Terribly boring, isn't it.

Next, let us consider a sphere that is a Lambertian reflector, illuminated from the viewing direction. The amount of illumination falling onto a surface element will be proportional to \(\cos\theta=\sqrt{1-r^2},\) where \(r\) is the projected radius (normalized to 1) of the disk that we see. This will be multiplied, as before, by \(\cos\theta/\cos\theta=1,\) to account for the Lambertian nature of the surface and for the viewing angle. In short, the brightness of the disk will be proportional to \(\sqrt{1-r^2}\):

lambertian.png

Which if these is more like the Moon, though? Of course the Moon has surface features, as its surface is not perfectly uniform, dotted as it is with craters, marina, mountains and valleys. But does it fade near the edges of the lunar disk?

moon.png

No, it does not appear so. How is this possible?

To understand why, I searched the literature. Eventually, I happened upon a paper [1] by Michael Oren and Shree K. Nayar, from 1995. Their model takes into account something that is not properly captured by either the Lambertian or the specular model: surface roughness.

Contrary to naive expectations, a rough surface does not act like a Lambertian reflector. Its behavior is closer (though not identical) to that of a retroreflector, which reflects light preferentially in the direction from which the light comes.

Oren and Nayar work out a generalization of the Lambertian model that takes surface roughness into account, characterizing it by a standard deviation parameter \(\sigma.\) The resulting model is given by

$$L\propto \cos\theta_i\cdot\left[1-0.5\frac{\sigma^2}{\sigma^2+0.33}+0.45\frac{\sigma^2}{\sigma^2+0.09}\sin\theta_i\sin\theta_r\frac{{\rm max}(0,\cos\phi)}{\cos\left({\rm max}(\theta_i,\theta_r)\right)}\right],$$

where \(\theta_i\) and \(\theta_r\) are the angles of incidence and reflectance, respectively, and \(\phi\) is the azimuthal angle between the incident and reflected ray of light.

In the specific case when the illumination is from the viewing direction, we have \(\theta_i=\theta_r=\arcsin r\) and \(\phi=0\), hence

$$L\propto \sqrt{1-r^2}\cdot\left[1-0.5\frac{\sigma^2}{\sigma^2+0.33}+0.45\frac{\sigma^2}{\sigma^2+0.09}\frac{r^2}{\sqrt{1-r^2}}\right].$$

For \(\sigma=0.5\), we get this result:

oren-nayar.png

This is a lot more like the lunar disk, isn't it!

OK, so the Moon has surface roughness. The Sun, on the other hand, does not. And in any case, it is not a reflecting surface, but a light emitting one. So it really should appear like a flat disk. Does it? Well... not exactly:

sun.png

(Ignore the transiting Venus in the upper right corner, by the way.) Clearly, the solar disk is dimmer near the edges. How can that be?

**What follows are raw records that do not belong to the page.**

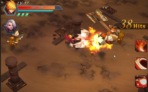 这款游戏采用的是触摸滑屏的操作方式,只需要点击角色移动到怪物身边,便会自动开始连招攻击,动作非常酷炫。仅仅依靠触摸和滑屏的操作,可以做出很多非常刺激的战斗技能,比如向上滑屏可以发动上挑技能,将怪物挑起飞到天上,在空中展开一轮攻击。攻击过程中,主角不仅可以使用手中的镰刀、扇子、大刀来进行攻击,还可以换出枪炮来进行远程攻击。如何利用好近战、远程、追击、上挑这些攻击方式,组合出自己的一套连招,是战斗成败的关键。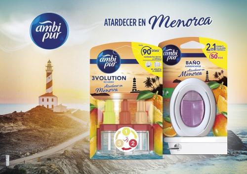 ¿Te imaginas la sensación de estar en Menorca sin tener que salir de tu casa? Ambipur, la marca de ambientadores y fragancias de P&G, lo ha conseguido con un aroma que evoca un atardecer en la insólita isla mediterránea. “Atardecer en Menorca”, la nueva fragancia de Ambipur, combina toques de naranjas y pomelos con exuberantes frutas tropicales como mango y melón, creando un aroma fresco y exótico que provoca una autentica explosión de los sentidos.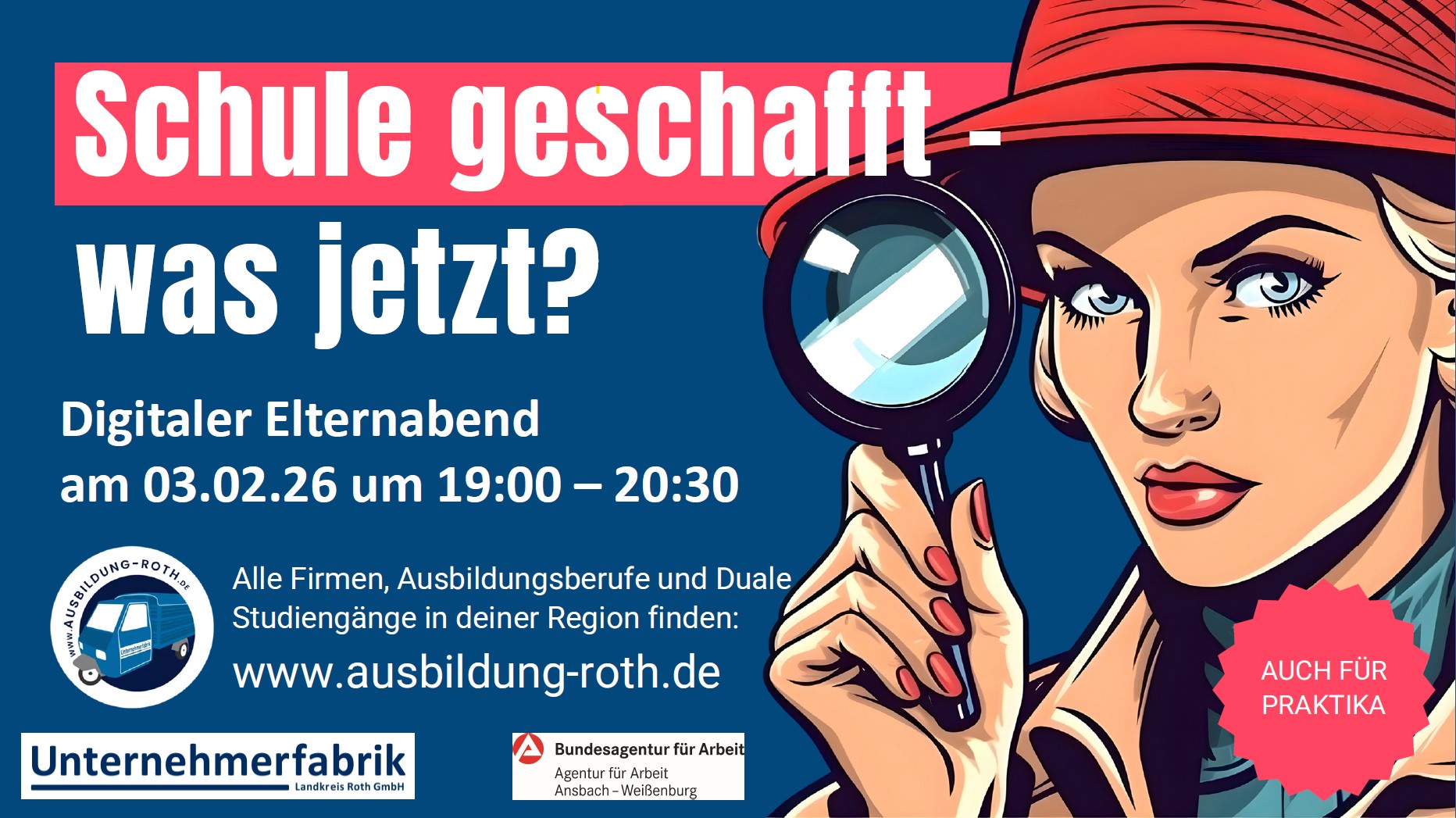 Dieser digitale Elternabend von 19:00- ca. 20:30 informiert Eltern der Vorabschluss-und Abschlussklassen aller Schulen. Wege in Berufe mit sehr guten Zukunftsaussichten und sinnstiftenden Tätigkeiten, sowie praxisorientierte Wege werden aufgezeigt. Wie ein guter Start gelingen kann und welche Vorteile die Jugendlichen haben, darüber informieren wir mit der Berufsberatung der Agentur für Arbeit Ansbach-Weißenburg. Wir zeigen vor allem auch die Möglichkeiten in der Region auf. Zudem gibt es Einblicke in die Praxis: Karrierestarter/-innen berichten, wie sie ihren Berufseinstieg gemeistert haben. Danach werden Fragen beantwortet, welche die Teilnehmer und Teilnehmerinnen bereits während der Vorträge im Chat stellen können.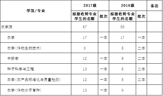 转专业接收专业和名额分配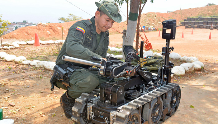 Un tiro con el cañón de este robot (que utiliza un sistema de agua) permite abrir las cajas o los elementos donde se presume que hay un explosivo.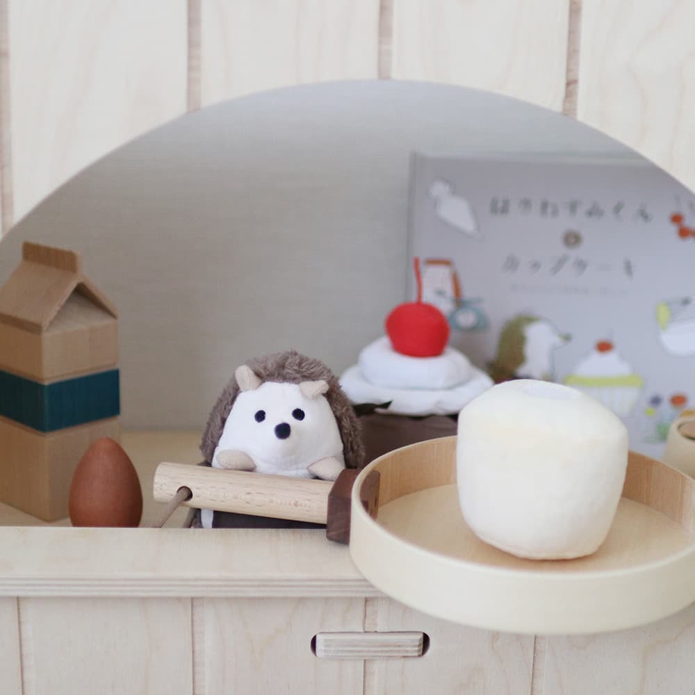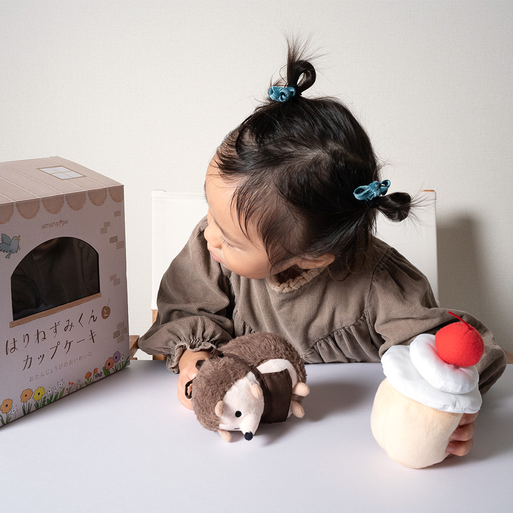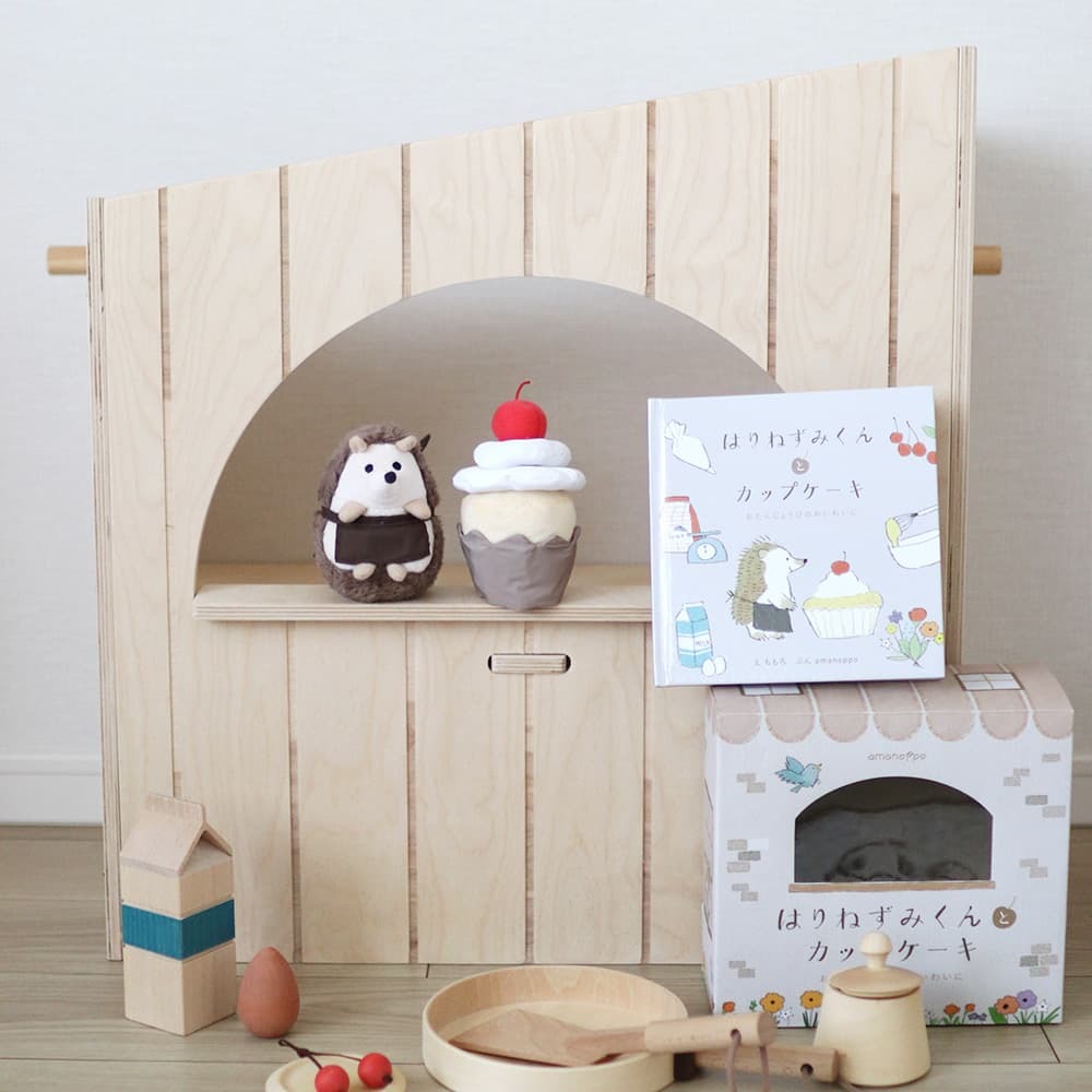 えほんに出てくるはりねずみくんのぬいぐるみと、みんなで作った美味しいカップケーキのおもちゃがセットになっています。

This phenomenon, called limb darkening, has a completely different explanation. It has to do with the fact that above the visible, light-emitting surface of the Sun there is a thick, mostly transparent atmosphere. Mostly, but not completely transparent. So light coming from near the edges of the solar disk, which travel at a shallow angle relative to the solar surface, travel a much greater distance in the solar atmosphere than light coming from the middle of the solar disk, in a direction approximately perpendicular to the solar surface. The greater the distance, the more light is absorbed by the solar atmosphere, which explains why light from the limb appears dimmer.

I find this situation sweetly ironic, though, because in the end, we find that the Sun (supposedly a Lambertian emitter) behaves like the Moon should if it were a Lambertian reflector; and the Moon (supposedly a Lambertian reflector) behaves like the Sun should if it had no atmosphere.

It's almost as though Nature was trying to purposefully confuse us. 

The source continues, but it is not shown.